Religion

The Sultan and the Saint review – the Crusades' real-life bromance


Jeremy Irons’ barrel-aged tones narrate this documentary (just shy of an hour long) about a 13th-century bromance: the meeting in 1219 between Francis of Assisi and Ayyubid sultan Al-Kamil. The pacifist friar and Saladin’s erudite nephew, during a prolonged fag break from the siege of Damietta in the Fifth Crusade, compared notes on religion and found much to like.

Director Alexander Kronemer sets the stage confidently, fleshing out the future monk’s errant youth and early papal machinations in the Holy Land in handsome reconstructions that perhaps cover for the film’s achilles heel: the lack of documentation about what exactly happened during the powwow. Only a few contemporary sources exist, none of them Arab; most details are drawn from later Franciscan biographies.

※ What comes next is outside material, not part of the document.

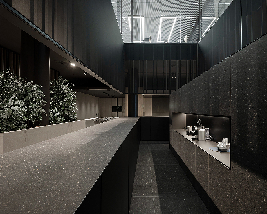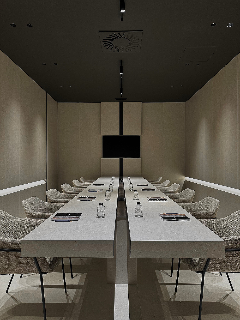 El proyecto se completa con salas de reunión, zonas de trabajo y espacios de atención profesional, completamente integrados en el discurso arquitectónico. Destaca un espacio delimitado por una amplia cristalera que ofrece vistas directas a la fábrica, brindando la oportunidad de observar el proceso de producción en tiempo real y apreciar la tecnología y el conocimiento técnico de la empresa. Estos ámbitos refuerzan la concepción del espacio como un entorno funcional, donde la actividad y la experiencia conviven con la exhibición, más allá de su carácter puramente representativo.

Francis offered to walk through fire to settle it for the Gospels, but Al-Kamil refused. The effects of their contact, though, lingered. The documentary implies it encouraged clemency from the sultan when the Christian army, marching on Cairo, became bogged down in the Nile delta. And it reckons there is an audible Muslim influence in Francis’s prayer enumerating God’s attributes, which is similar to Islam’s 99 names.

This is all the better to carry an interfaith message with obvious resonance post-9/11. Conspicuous among the raft of historical commentators is the a neuroscientist who supplies insights about religious and ethnic intolerance activating deep reptilian structures in the brain – a biological perspective with intriguing possibilities for a universal theory of radicalisation.

The Sultan and the Saint is released in the UK on 11 October.